* What to produce: Aim for an exact copy of the listing, without any images.

* Dataset section:
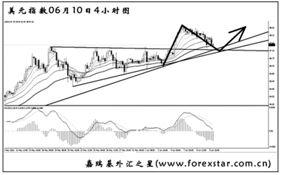 過去的一周,萬眾聚焦的美國5月非農(nóng)報(bào)告隆重出爐,數(shù)據(jù)的疲軟,加之匈牙利可能出現(xiàn)主權(quán)債務(wù)違約,再度點(diǎn)燃了歐元區(qū)主權(quán)債務(wù)危機(jī)憂慮,導(dǎo)致全球股市紛紛重挫,風(fēng)險(xiǎn)規(guī)避情緒卷土重來。 美國勞工部上周五公布的數(shù)據(jù)顯示,5月份非農(nóng)就業(yè)人口增加43.1萬人,低于經(jīng)濟(jì)學(xué)家預(yù)期的增加51.3萬人,但仍創(chuàng)下2000年3月份以來最大單月增幅。4月份非農(nóng)就業(yè)人數(shù)增加29萬人,未進(jìn)行修正。表面上看,盡管美國5月非農(nóng)數(shù)據(jù)低于預(yù)期約8萬人,但卻以10年來最快速度大幅增加,并且失業(yè)率由4月的9.8%降至5月9.7%。實(shí)質(zhì)上,此次數(shù)據(jù)大增很大程度上是由于美國政府因人口調(diào)查而招聘了41.1萬名臨時(shí)人員,而私營部門就業(yè)人口僅增加4.1萬人(4月增長21.8萬人),導(dǎo)致多數(shù)市場人士認(rèn)為該數(shù)據(jù)十分糟糕,并因此歐美股市受到重挫,市場避險(xiǎn)情緒急劇升溫。總體來說,非農(nóng)數(shù)據(jù)令人失望,民間就業(yè)遠(yuǎn)低于預(yù)期。但有市場人士并不認(rèn)為這個(gè)數(shù)字就意味著就業(yè)市場的復(fù)蘇已經(jīng)停滯,其表明的是,就業(yè)市場恢復(fù)的步伐要慢于某些樂觀預(yù)期。若不考慮5月份非農(nóng)就業(yè)數(shù)據(jù)中人口普查相關(guān)的失真因素,則這份報(bào)告還是非常樂觀的,但如果考慮了這個(gè)因素,實(shí)際的結(jié)果相當(dāng)令人失望。即使失業(yè)率下降也不值得慶賀,因?yàn)橄陆档脑虿⒉涣钊藵M意。 美元指數(shù)現(xiàn)已突破了圖中三角形上升中繼的上沿,主趨勢延續(xù)。從空間上看,上方美元指數(shù)的重要阻力在去年3月的高點(diǎn)89.65,預(yù)計(jì)美元指數(shù)順利突破此位置有一定難度。4小時(shí)圖發(fā)生了一連串的MACD頂背離信號(hào),但包含背離點(diǎn)的趨勢線尚未被跌破,短線關(guān)注此趨勢線87.25的支撐力度,后市美元指數(shù)繼續(xù)上沖的希望較大。 未來一周需要重點(diǎn)關(guān)注的財(cái)經(jīng)數(shù)據(jù)及事件包括:6月11日,美國公布5月政府預(yù)算(前值-826.9億美元)、5月零售銷售月率(前值+0.4%)、6月密歇根大學(xué)消費(fèi)者信心指數(shù)初值(前值73.6)、4月商業(yè)庫存月率(前值+0.4%),英國公布4月工業(yè)產(chǎn)出月率及年率(前值2.0%、2.0%);6月14日,歐元區(qū)公布4月工業(yè)產(chǎn)出月率及年率(前值+1.3%、+6.9%);6月15日,日本央行公布利率決議、澳聯(lián)儲(chǔ)公布6月貨幣政策會(huì)議記錄、英國公布5月消費(fèi)者物價(jià)指數(shù)月率及年率(前值+0.6%、+3.7%)、德國公布6月ZEW經(jīng)濟(jì)景氣和現(xiàn)況指數(shù)(前值45.8、-21.6)、美國公布6月紐約聯(lián)儲(chǔ)制造業(yè)指數(shù)(前值19.11)以及4月長期、國際資本凈流入,前值1405億美元、105億美元;6月16日,日本公布4月第三產(chǎn)業(yè)活動(dòng)指數(shù)月率(前值-3.0%)、美國公布5月生產(chǎn)者物價(jià)指數(shù)月率及年率(前值-0.1%、+5.5%)、5月新屋開工年化月率(前值+5.8%)、5月工業(yè)產(chǎn)出月率(前值+0.8%);6月17日,美國公布5月消費(fèi)者物價(jià)指數(shù)月率及年率(前值-0.1%、+2.2%)、5月諮商會(huì)領(lǐng)先指標(biāo)(前值109.3)。
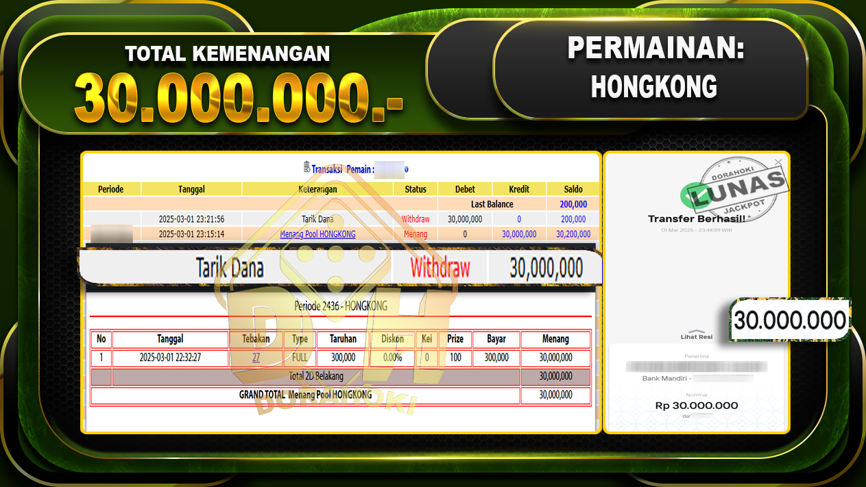 Bukti JP TOGEL HONGKONG – ucapkan selamat kepada user id Polxxx atas kemenangan di TOGEL HONGKONG dengan total kemenangan Rp.30.000.000,- . Yang pasti nya langsung LUNAS sesuai bukti ya bosku. Dorahoki nih bosku berapapun akan tetap kami bayar lunas ya bosku.
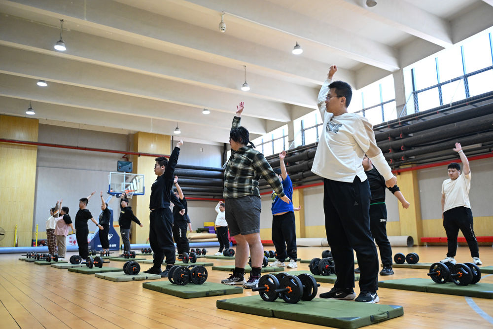 ↑5月15日,人们在河北省石家庄市长安区一家体育健身馆打羽毛球。

* Answer space:
 過去的一周,萬眾聚焦的美國5月非農(nóng)報(bào)告隆重出爐,數(shù)據(jù)的疲軟,加之匈牙利可能出現(xiàn)主權(quán)債務(wù)違約,再度點(diǎn)燃了歐元區(qū)主權(quán)債務(wù)危機(jī)憂慮,導(dǎo)致全球股市紛紛重挫,風(fēng)險(xiǎn)規(guī)避情緒卷土重來。 美國勞工部上周五公布的數(shù)據(jù)顯示,5月份非農(nóng)就業(yè)人口增加43.1萬人,低于經(jīng)濟(jì)學(xué)家預(yù)期的增加51.3萬人,但仍創(chuàng)下2000年3月份以來最大單月增幅。4月份非農(nóng)就業(yè)人數(shù)增加29萬人,未進(jìn)行修正。表面上看,盡管美國5月非農(nóng)數(shù)據(jù)低于預(yù)期約8萬人,但卻以10年來最快速度大幅增加,并且失業(yè)率由4月的9.8%降至5月9.7%。實(shí)質(zhì)上,此次數(shù)據(jù)大增很大程度上是由于美國政府因人口調(diào)查而招聘了41.1萬名臨時(shí)人員,而私營部門就業(yè)人口僅增加4.1萬人(4月增長21.8萬人),導(dǎo)致多數(shù)市場人士認(rèn)為該數(shù)據(jù)十分糟糕,并因此歐美股市受到重挫,市場避險(xiǎn)情緒急劇升溫。總體來說,非農(nóng)數(shù)據(jù)令人失望,民間就業(yè)遠(yuǎn)低于預(yù)期。但有市場人士并不認(rèn)為這個(gè)數(shù)字就意味著就業(yè)市場的復(fù)蘇已經(jīng)停滯,其表明的是,就業(yè)市場恢復(fù)的步伐要慢于某些樂觀預(yù)期。若不考慮5月份非農(nóng)就業(yè)數(shù)據(jù)中人口普查相關(guān)的失真因素,則這份報(bào)告還是非常樂觀的,但如果考慮了這個(gè)因素,實(shí)際的結(jié)果相當(dāng)令人失望。即使失業(yè)率下降也不值得慶賀,因?yàn)橄陆档脑虿⒉涣钊藵M意。 美元指數(shù)現(xiàn)已突破了圖中三角形上升中繼的上沿,主趨勢延續(xù)。從空間上看,上方美元指數(shù)的重要阻力在去年3月的高點(diǎn)89.65,預(yù)計(jì)美元指數(shù)順利突破此位置有一定難度。4小時(shí)圖發(fā)生了一連串的MACD頂背離信號(hào),但包含背離點(diǎn)的趨勢線尚未被跌破,短線關(guān)注此趨勢線87.25的支撐力度,后市美元指數(shù)繼續(xù)上沖的希望較大。 未來一周需要重點(diǎn)關(guān)注的財(cái)經(jīng)數(shù)據(jù)及事件包括:6月11日,美國公布5月政府預(yù)算(前值-826.9億美元)、5月零售銷售月率(前值+0.4%)、6月密歇根大學(xué)消費(fèi)者信心指數(shù)初值(前值73.6)、4月商業(yè)庫存月率(前值+0.4%),英國公布4月工業(yè)產(chǎn)出月率及年率(前值2.0%、2.0%);6月14日,歐元區(qū)公布4月工業(yè)產(chǎn)出月率及年率(前值+1.3%、+6.9%);6月15日,日本央行公布利率決議、澳聯(lián)儲(chǔ)公布6月貨幣政策會(huì)議記錄、英國公布5月消費(fèi)者物價(jià)指數(shù)月率及年率(前值+0.6%、+3.7%)、德國公布6月ZEW經(jīng)濟(jì)景氣和現(xiàn)況指數(shù)(前值45.8、-21.6)、美國公布6月紐約聯(lián)儲(chǔ)制造業(yè)指數(shù)(前值19.11)以及4月長期、國際資本凈流入,前值1405億美元、105億美元;6月16日,日本公布4月第三產(chǎn)業(yè)活動(dòng)指數(shù)月率(前值-3.0%)、美國公布5月生產(chǎn)者物價(jià)指數(shù)月率及年率(前值-0.1%、+5.5%)、5月新屋開工年化月率(前值+5.8%)、5月工業(yè)產(chǎn)出月率(前值+0.8%);6月17日,美國公布5月消費(fèi)者物價(jià)指數(shù)月率及年率(前值-0.1%、+2.2%)、5月諮商會(huì)領(lǐng)先指標(biāo)(前值109.3)。
 Bukti JP TOGEL HONGKONG – ucapkan selamat kepada user id Polxxx atas kemenangan di TOGEL HONGKONG dengan total kemenangan Rp.30.000.000,- . Yang pasti nya langsung LUNAS sesuai bukti ya bosku. Dorahoki nih bosku berapapun akan tetap kami bayar lunas ya bosku.
 ↑5月15日,人们在河北省石家庄市长安区一家体育健身馆打羽毛球。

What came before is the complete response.